# Our puppy is afraid of us



## Oaklys Dad (Dec 28, 2005)

Welcome to the forum. Would love to see some pictures of your pup. I really don't have any advice for you but do agree that she doesn't sound like a 17 week old pup I've seen before. I can tell you that female dogs do tend to be less clingy than the males.


----------



## Bock (Jun 23, 2008)

I wouldn't give her up after only 1 month of owning her.

Since your vet has seen her you can pretty much rule out any health issues. While most Golden pups do seem to be pretty people oriented, that does not mean all goldens must be. She is still quite young. Please give her time before you just give her up.


----------



## Traz (Jan 19, 2009)

Socialization is important. Are there places you can take her to meet people? Is she afraid of the car? Invite people over, but not make a big fuss over her so as to scare her. Have you tried hand feeding her some of her food? Sometimes that helps with bonding to you.

Welcome, we love pictures if you would like to share.


----------



## marshab1 (Aug 28, 2006)

My Tinkerbell was like that at times when she was that at age. Though it was not all the time. And now at almost 3 years old. We can be hard pressed to sit without her in our laps.

She may just need a little more time to get used to your home. Maybe her experiences with the breeder and her kids was not always positive. which means you would also have to gain her trust. Often times it could take just one bad experience with achils to make her leery of others, it can be overcome but will take a little time.


----------



## Celeigh (Nov 29, 2007)

One thing you can do to bond her to you is feed her from your hand rather than giving her a bowl to eat out of. It's a great bonding exercise and it's easy to do. Also, have you started training with her? That can also be a good bonding experience. Since she seems to be more comfortable with the dog rather than with her humans, I would go out of my way to make sure she has positive activities planned with humans only rather than having her bond solely with the dog.
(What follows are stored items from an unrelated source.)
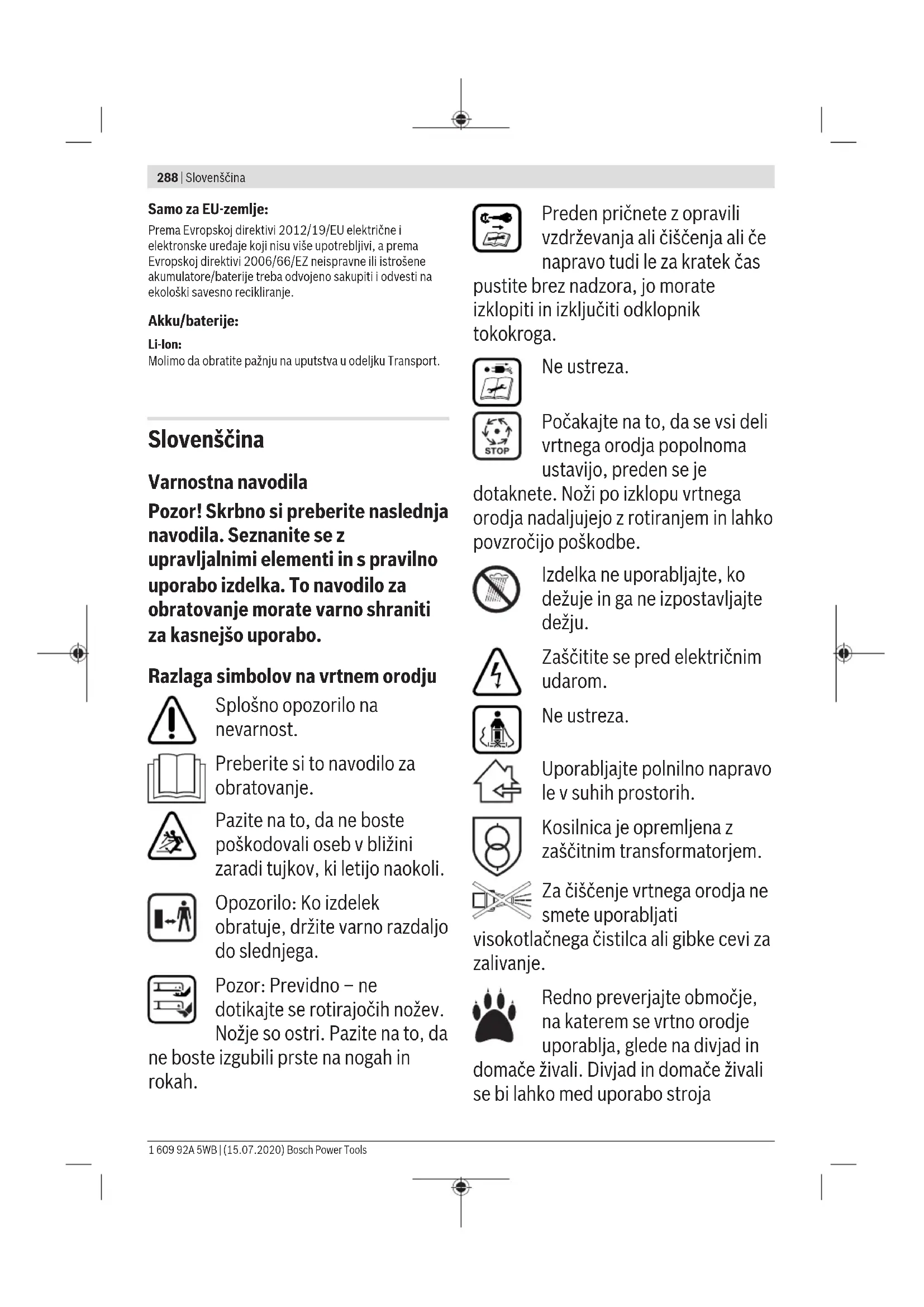 Prikazan ali opisan pribor ni del standardnega obsega dobave. Celoten pribor je del našega programa pribora. Zagon Za vašo varnost u Pozor! Pred začetkom opravil vzdrževanja ali čiščenja izklopite vrtno orodje, izključite odklopnik tokokroga in odstranite akumulatorsko baterijo. Enako velja v primeru, ko je kabel stikala poškodovan, narezan ali zamotan. u Po izključitvi vrtnega orodja se vrtijo noži še nekaj sekund naprej. u Pozor: Ne dotikajte se vrtečega rezalnega noža. Bosch Power Tools 1 609 92A 5WB | (15.07.2020)296 | Slovenščina Polnjenje akumulatorske baterije Akumulatorska baterija je opremljena z nadzorom temperature, ki dovoljuje polnjenje le v temperaturnem območju med 0 °C in 35 °C. Tako je zagotovljena dolga življenjska doba akumulatorske baterije. Napotek: Akumulatorska baterija je pri dobavi delno napolnjena. Da bi lahko akumulatorska baterija razvila svojo polno zmogljivost, jo morate pred prvo uporabo v celoti napolniti v polnilni napravi. Litij-ionsko akumulatorsko baterijo lahko kadarkoli napolnite, ne da bi pri tem skrajšali življenjsko dobo. Prekinitev postopka polnjenja akumulatorske baterije ne poškoduje. Litij-ionska akumulatorska baterija je zaščitena pred prekomerno izpraznitvijo s sistemom elektronske zaščite celic "Electronic Cell Protection (ECP)". Pri izpraznjeni akumulatorski bateriji zaščitno stikalo izklopi izdelek: Vrtno orodje preneha delovati. Vklopno/izklopnega stikala po samodejnem izklopu izdelka ne smete več pritiskati. S tem lahko poškodujete akumulatorsko baterijo. Upoštevajte navodila za odstranjevanje akumulatorskih baterij. Namestitev/odstranitev akumulatorske baterije Opozorilo: Če uporabljate akumulatorske baterije, ki niso primerne, lahko to povzroči poškodbo naprave. Vstavite napolnjeno akumulatorsko baterijo. Zagotovite, da bo akumulatorska baterija v celoti vstavljena. Za odstranitev akumulatorske baterije iz naprave, pritisnite deblokirno tipko akumulatorske baterije in potegnite akumulatorsko baterijo ven. Postopek polnjenja Polnilni postopek se prične takoj, ko vtaknete omrežni vtič polnilne naprave v vtičnico in vstavite akumulatorsko baterijo v polnilno napravo . Inteligentni postopek polnjenja omogoča takojšnje zaznavanje napolnjenosti akumulatorske baterije in odvisno od temperature in napetosti akumulatorske baterije se bo izbral optimalni polnilni tok. Ta način zagotavlja ohranitev akumulatorske baterije, ki bo pri namestitvi v polnilni napravi vedno do konca napolnjen. Pomen prikazovalnih elementov na polnilni napravi (AL 3620 CV/AL 3640 CV/AL 36V-20) Postopek hitrega polnjenja Postopek hitrega polnjenja se prikaže z utripanjem zelenega prikaza polnjenja akumulatorske baterije. Prikazovalni element na akumulatorski bateriji: Med postopkom napolnitve zasvetijo LED druga za drugo in za kratek čas izginejo. Akumulatorska baterija je v celoti napolnjena, kadar LED trajno svetijo. Pribl. 5minut po polni popolni napolnitvi akumulatorske baterije tri zelene LED ponovno ugasnejo. Opozorilo: Postopek hitrega polnjenja je možen samo, ko se temperatura akumulatorske baterije nahaja v dovoljenem območju temperature, glejte poglavje "Tehnični podatki". Akumulatorska baterija je napolnjena Trajno svetleč zelen prikaz LED signalizira, da je akumulatorska baterija v celoti napolnjena. Dodatno zaslišite za obdobje pribl. 2 sekundi zvočni signal, ki tudi akustično signalizira popolno napolnjenost akumulatorske baterije. Sedaj lahko vzamete akumulatorsko baterijo ven in jo uporabite. Brez vstavljene akumulatorske baterije signalizira trajno svetleč prikaz LED, da je omrežni vtič vstavljen v vtičnico in da je polnilna naprava pripravljena za uporabo. Temperatura akumulatorske baterije pod 0° ali nad 45°C Trajno svetleč rdeč prikaz LED prikazuje, da je temperatura akumulatorske baterije izven dovoljenega temperaturnega območja za polnjenje, glejte odstavek "Tehnični podatki". Pri dosegu dovoljenega območja temperature se polnilna naprava avtomatsko preklopi na postopek za hitro polnjenje. Če se temperatura akumulatorske baterije nahaja zunaj dovoljenega območja temperature za polnjenje, se pri vstavljanju v polnilno napravo zasveti rdeča LED akumulatorske baterije. Polnjenje ni možno Če se pri postopku polnjenja pojavi druga motnja, se to prikaže z utripanjem rdečega prikaza LED. Postopek polnjenja se ne more zagnati in polnjenje akumulatorske baterije ni možno (glejte odsek "Iskanje napak"). Opozorila glede polnjenja Pri neprekinjenih oziroma zaporednih ciklusih polnjenja brez vmesne prekinitve se lahko polnilnik segreje. Vendar to ni problematično in ne pomeni, da ima polnilnik kakšno tehnično okvaro. Močno skrajšan čas delovanja po napolnitvi nakazuje, da je akumulatorska baterija izrabljena in se mora nadomestiti. Upoštevajte navodila za odstranjevanje odsluženih naprav. Hlajenje akumulatorske baterije (Active Air Cooling) Upravljalnik ventilatorja, ki je vgrajen v polnilnik, nadzira temperaturo vstavljene akumulatorske baterije. Če je temperatura akumulatorske baterije nad 30 °C, se akumulatorska baterija ohlajuje s pomočjo ventilatorja na optimalno temperaturo za polnjenje. Ko je ventilator vklopljen, se sliši zvok prezračevalne enote. Če ventilator ne deluje, je temperatura akumulatorske baterije v optimalnem temperaturnem območju za polnjenje ali pa je ventilator v okvari. V tem primeru se podaljša čas polnjenja akumulatorske baterije. 1 609 92A 5WB | (15.07.2020) Bosch Power ToolsSlovenščina | 297 Delovna navodila Prikaz napolnjenosti akumulatorske baterije Akumulatorska baterija je obremljena s prikazovalnikom napolnjenosti, ki prikazuje stanje napolnjenosti akumulatorske baterije. Prikazovalnik napolnjenosti sestoji iz 3 zelenih LED. Pritisnite tipko za prikazovalnik stanja napolnjenosti in ga s tem aktivirajte. 5sek. se prikazovalnik stanja napolnjenosti samostojno ugasne. Stanje napolnjenosti lahko preverite tudi, ko akumulatorska baterija ni v nap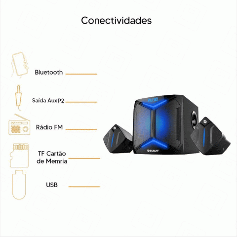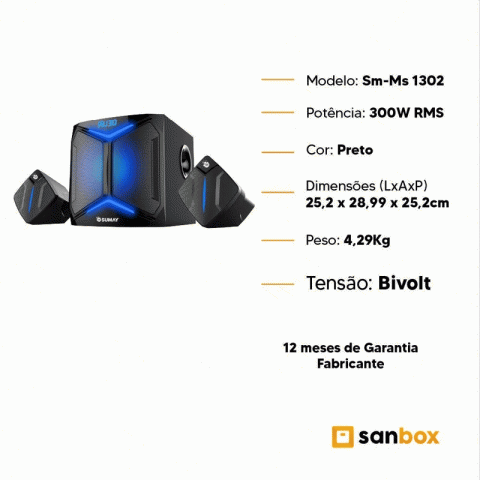 Transforme sua experiência de áudio com o Mini System 2.1 SM-MS1302 da Sumay. Este sistema de som foi projetado para oferecer uma performance sonora impressionante em um design compacto e moderno.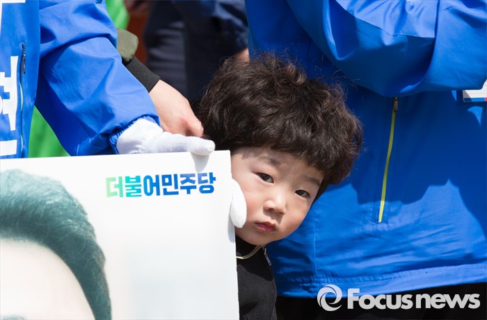 (공주=포커스뉴스) 1일 충남 공주시 산성시장 일원에서 어린이가 박수현 더불어민주당 후보의 연설에 관심을 보이고 있다.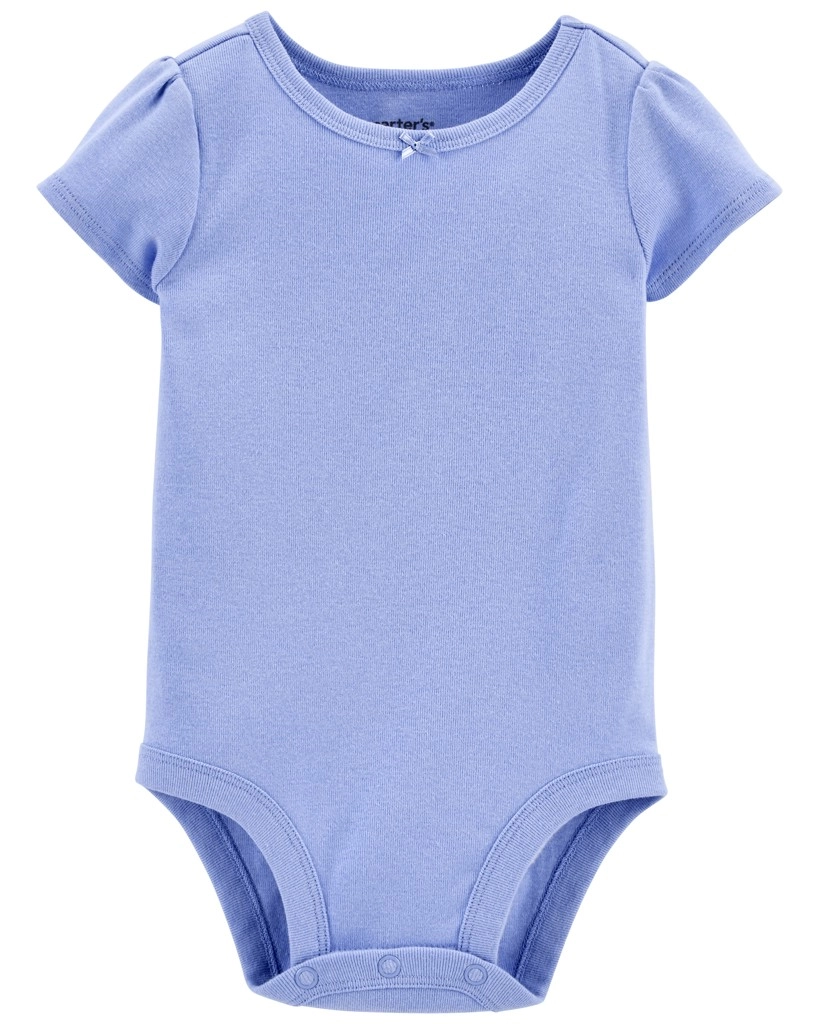 Pohodlné body v jemné fialové barvě, se zpevněným výstřihem a patentkami v rozkroku pro rychlé přebalování.

Edit: Sorry Traz - I missed your hand feeding suggestion!! So, er, what Traz said.


----------



## momof3 (Mar 15, 2009)

*Thanks*

we started puppy class the weekend after we got her. She is very smart and all the others get a kick out of how mellow she is. Get this she layed down in the cart at petsmart and fell asleep. She layed down in the tub when we gave her a bath, it's crazy.
In between posts I have been getting on the floor playing with her and she seems to enjoy it. Could she just be a very lazy dog???? Maybe I should count my blessings LOL


----------



## momof3 (Mar 15, 2009)

I know it hasn't been that long and we won't give her up without working with her more. It's just so odd and it is hard to bond with a dog that is so skittish. It just makes you feel that way sometimes


----------



## marshab1 (Aug 28, 2006)

Puppies sleep a lot. Tinkerbell fell asleep in puppy also. In fact we were told not to play with our puppies for at least an hour before class so that we didn't tire them out before class even started. And since my class was in the evening, We often had puppies that were very tired towards the end of class,


----------



## 3 goldens (Sep 30, 2005)

She is so cute. Things will more than likely fall in place anbd before you know it you will be wshing she slept a littl more!


----------



## momof3 (Mar 15, 2009)

Thank you, I will keep trying. It is just very frustrating. I have had pups before but never one like this. Now it is as if she knows I am "talking" about her. She is laying by my feet chewing up her pig ear, appears to be happy as can be.


----------



## Bock (Jun 23, 2008)

Good deal! Like others have said, I'm sure she'll come around and probably be more loving than you could ever want!


----------



## amy22 (May 11, 2008)

She sure is a cute puppy. Im sorry she is acting like that, it will just take time, love her and you will gain her trust and love, Im sure of it!


----------



## Bender (Dec 30, 2008)

She may just be a mellow dog, nothing wrong with that. I would suggest making sure she spends more time with you than with the other dog. If she's crate trained, put the crate next to your bed so she has the nights near you as well. You could also try keeping her on leash and loop the leash around your waist so she's 'stuck' with you and can't go off on her own to sleep. Have lots of treats for her and give her praise as you go from room to room with her. She might also do well with doggie massage, just spoil her with it. 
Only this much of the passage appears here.